Какой же Франсуа на самом деле и какое мне до него дело?

А дело в том, что я с детства увлечена им. Все началось с того, что, еще будучи девочкой, я обожала кино. И в нашем обшарпанном провинциальном «Аполло» несколько раз в месяц обязательно шел какой-нибудь фильм с Франсуа Гальеном в главной роли. Были, конечно, и другие замечательные актеры, но я выделила для себя именно его. Даже будучи ребенком, я могла оценить юмор, красоту и талант.

Глава 2. Встреча

Марион

Оказывается, я замёрзла на улице. В квартире очень уютно, тепло, и правда много гостей. Тихие звуки джаза и разговоров, запах духов и алкоголя. Из присутствующих я знаю только жену Родена Лену и еще Роже Буало. Он будет исполнять главную роль в новом фильме. Роден обожает Буало. Все обожают Буало. Я -- нет.

Франсуа не вижу, но тут же отвлекаюсь. Роден встречает меня у дверей.

Он искренне рад, что я все же пришла, а искренность всегда подкупает. Помогает мне снять пальто, и я мельком окидываю взглядом свое отражение в зеркальной стене. Ничего особенного. Темно-русые волосы и густая модная челка, серьезный взгляд и упрямый рот. Невысокая и худая. За моей спиной отражаются элегантные женщины в платьях. Не люблю платья. Предпочитаю брюки.

Здороваюсь со всеми, кому он меня представляет. Мне предлагают шампанское. Беру, но не пью. Я не пью алкоголь. Все пьют алкоголь. И много. Я не пью. Это мой принцип. Почему? Просто принцип.

Роден в мягком кардигане вместо пиджака. Гордый профиль, седеющие вьющиеся волосы. Шестым чувством понимаю, почему он имеет успех у женщин. Все еще красив, приятен в общении. Он естественный, у него прекрасный вкус во всем, что касается искусства. С ним рядом приятно. Это и есть харизма? Как такому отказать? Как вообще ему можно отказать? А я вот могу.

Лена здоровается со мной вскользь. Рыжая красавица с огромными голубыми глазами. Она идеальна во всем, как такой можно изменять? А Роден может.

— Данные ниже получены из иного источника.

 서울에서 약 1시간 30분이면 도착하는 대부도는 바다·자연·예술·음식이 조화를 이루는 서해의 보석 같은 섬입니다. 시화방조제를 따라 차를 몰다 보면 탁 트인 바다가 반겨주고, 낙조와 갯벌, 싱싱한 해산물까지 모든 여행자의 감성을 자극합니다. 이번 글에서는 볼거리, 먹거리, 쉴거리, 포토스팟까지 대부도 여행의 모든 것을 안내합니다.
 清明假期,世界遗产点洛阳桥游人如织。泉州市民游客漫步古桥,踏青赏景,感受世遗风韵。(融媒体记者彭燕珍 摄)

Что бы я чувствовала на ее месте? Она часто играет главные роли в фильмах мужа. Живёт в роскошном доме. У них двое детей - подростков. Интересно, она страдает от его измен или сама тоже ему изменяет? Ревнует или привыкла? Любит или может жить и без него? Не знаю, какими бы ни были ее мотивы, я бы на ее месте не смогла смириться. Что бы я сделала? Убила бы его? Или себя? Ушла бы? У них двое детей, все главные роли -- ее... Ее смирение -- что это? Жертвенная любовь? Дань Минотавру искусства? Или всего лишь вынужденная слепота ради удобной жизни?

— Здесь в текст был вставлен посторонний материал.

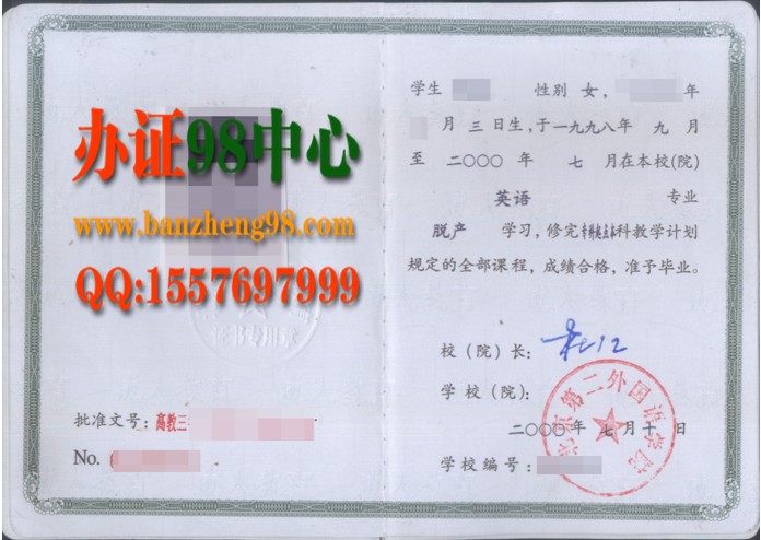 【 办证98中心专业办理提供】 北京第二外国语学院2000年成人脱产英语专业专升本毕业证样本:
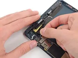 Поднимите край платы логики рядом с фронтальной камерой, чтобы убедиться, что он свободен от клея.

Ищу глазами Франсуа. Не вижу. Не пришел?

Я быстро утомилась от тяжелого смешения запаха духов и человеческих тел, от обрывков разговоров и пронзительных звуков джаза. И уползла в уголок, прикидывая, что неплохо было бы сбежать. Но тут меня отыскал вездесущий Роден.

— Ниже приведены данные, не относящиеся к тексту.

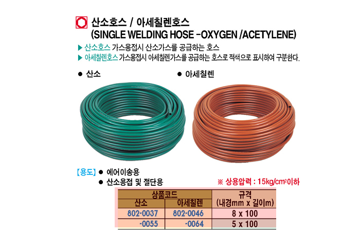 [½Ö¸¶] »ê¼ÒÈ£½º/¾Æ¼¼Ä¥·»È£½º (SINGLE WELDING HOSE - OXYHEN/ACETYLENE))
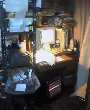 ここが私のコックピットみたいなものか。ごたごたと無秩序にものがある。左の方には家電とファックスがある。しかしまぁ家電などこれからどうなってゆくのかな、ネットで使わない人には無用だよな。携帯がこれだけべんりになればね。
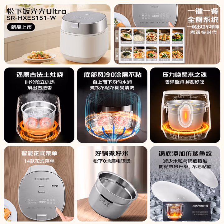 这款Panasonic 松下 SR-HXES151-W 饭光光旗舰款 Ultra IH电饭煲,0涂层医用级316L不锈钢内胆,通过特殊工艺处理实现物理防粘,彻底消除涂层脱落隐患,支持钢丝球擦洗和洗碗机清洁。内胆底部设计仿鲨鱼纹路,减少米粒粘连,实测清洗耗时仅需30秒。
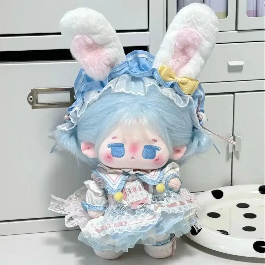토끼 귀 포함 인형 옷 세트 스카이블루

-- Марион, вот ты где! Скучаешь? Боже, не шевелись… замри! Как ты прекрасна!

-- Ты пригласил Франсуа?

-- Гальена? – Роден нехотя огляделся, -- да, ведь у него роль в моем фильме, но что-то его не вижу.

-- И что за роль?

-- Он играет детектива.

-- Да неужели?! – язвлю я. Меня редко что-то выводит из себя, но тут я не выдержала, -- Я бы тоже на его месте не пришла.

И послала бы тебя вместе с твоей убогой ролью подальше! Но это уже не вслух.

Но он понял. И словно затаился, прищурившись. Посмотрел на меня странным взглядом. А потом взял за локоть и отвел в сторону.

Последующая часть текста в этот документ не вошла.